I am currently taking a course named ‘Extreme Physiology’ and so far, it is certainly everything it has claimed to be! One of our early practicals studied a phenomenon termed the “Diving Response” – one physiological tool that many animals, including humans, automatically call upon to get out of difficult situations involving cold, water and with no opportunities to breath.  Scroll down to explore the Diving Reflex and some of its added benefits!

Diving mammals and birds possess many physiological adaptations that aid their survival in hostile hypoxic environments, including an ability to take larger breaths, an ability to store more oxygen in their blood and muscles (increased blood volume and myoglobin) and an ability to slow the consumption of oxygen by their bodies (reduced metabolic rate) (1).

One profound physiological tool these animals utilise when submerged in cold water is the Diving Response (DR). The DR was first studied by Bert in 1870, who found that the heart rate of ducks could reduce from 100 to 14 beats during submersion (2). It occurs in other species too – the Weddel seal has been reported to be able to reduce its heart rate by 80%, yet can maintain a ‘normal’ blood pressure of 120mmHg (3). This response has subsequently been shown to exist in varying degrees in many (if not all) mammals tested! (1)

This response was once called the Diving Reflex, however, its effects are thought to be brought by a number of reflexes occurring simultaneously and is now termed the ‘Diving Response’ (4).
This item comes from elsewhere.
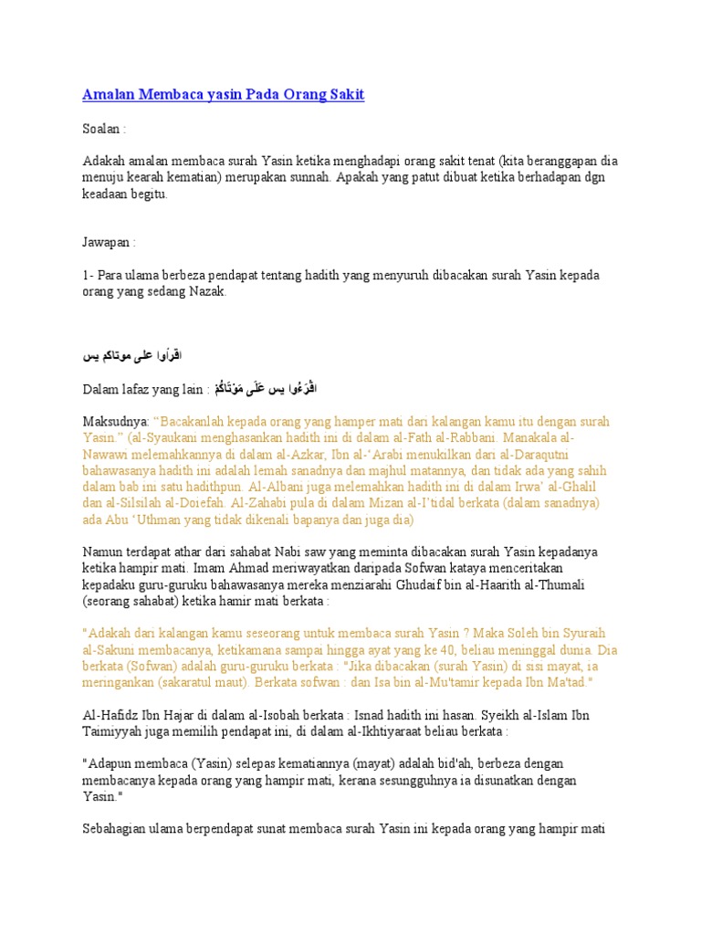Cara Membaca Yassin Pada Orang Sakit Tenat Fitrah Islami Online

It is stimulated by exposure to water and with breath holding, and is especially stimulated by the sensation of cold on the face (5). The physiological effects comprise bradycardia, restriction of splanchnic and muscular circulations, promotion of blood flow to the brain and an increase in blood pressure (6). This integration of cardiovascular, respiratory and neurological responses is suggested to allow the animal to preserve its valuable oxygen stores.
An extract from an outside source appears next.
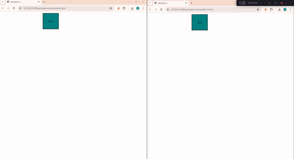 이제 앞서 말했던 x축으로 쭉 이동하다가 y축으로 이동하는 애니메이션을 만들어보자 :
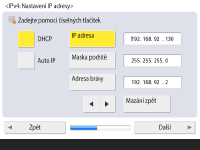 Pro automatické získání IP adresy stiskněte <DHCP> nebo <Auto IP> a stiskněte <Další> nebo <OK>.

MECHANISMS OF OXYGEN CONSERVATION:

Bradycardia: The heart beats fewer times a minute, reducing the amount of work the heart must do. Reduced work equals reduced oxygen consumption, allowing longer breath holding times.
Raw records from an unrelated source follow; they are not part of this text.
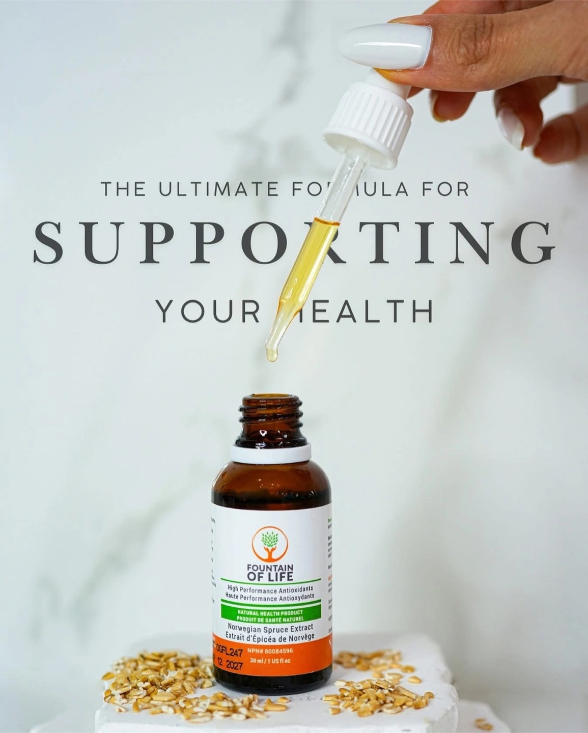 Fountain of Life captures the power of the Picea Abies extract from the Norwegian Spruce growing in Northern Finland. Thriving under the harshest of conditions, this tree has adapted to the extreme environment in which it lives. Researchers discovered that this tree contains the most powerful source of lignans in nature. Lignans are antioxidants found in the cell walls of plants.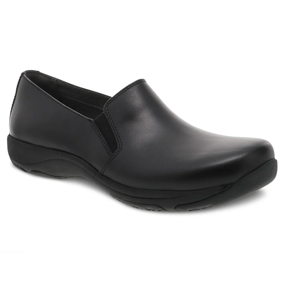Slip on Nora and get to work. This sport-inspired slip-on shoe features double goring for easy on-off and stain-protected leather uppers and a black outsole for simple and durable wear. A removable footbed with Dansko Natural Arch® technology and slip-resistant rubber outsoles help you keep your footing no matter how long your days may be.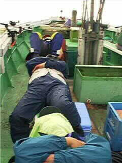 castからいきなり2時間くらいの間、サバとソウダカツオの入れ食いであった。コマセを詰めて1キャストするごとに1〜2匹かかる。メジは釣れないが、とりあえず入れ食いなのでこの状況を楽しんでいた。ふと横をみると、一緒に同行した青木さん、神永さん、三重さんは顔色が真っ青になっていた。『やばいよ〜気持ち悪くて、釣りどころでないよ!』神永さんがそう言ったとたん、三重さんと神永さんが交代で便所に駆け込みあって、青木さんは便所まで歩く元気もなく、海に向かってコマセをぶちまけて続ける...そのうち3人とも寝込んでしまった。

Restriction of blood flow: Peripheral vasoconstriction prevents unnecessary perfusion to the skin (7). When breathholding, communication from the sympathetic nervous system to the muscles in blood vessels increases, causing narrowing of these arteries and veins (8,9). Diverting blood away from the arms and legs means the muscles in these areas cannot access the oxygen stored in the blood, acting as another mechanism to preserve oxygen.

Increased blood pressure: The effects of the sympathetic nervous system on the muscles in the vessels increases ‘peripheral resistance’ and blood flow (10). Shifting blood from the peripheries means it is pushed towards the centre – increasing the amount of blood taken back to the heart via the veins (venous return), which means more blood can enter the heart (increasing preload). It also means more blood is pushed towards essential organs.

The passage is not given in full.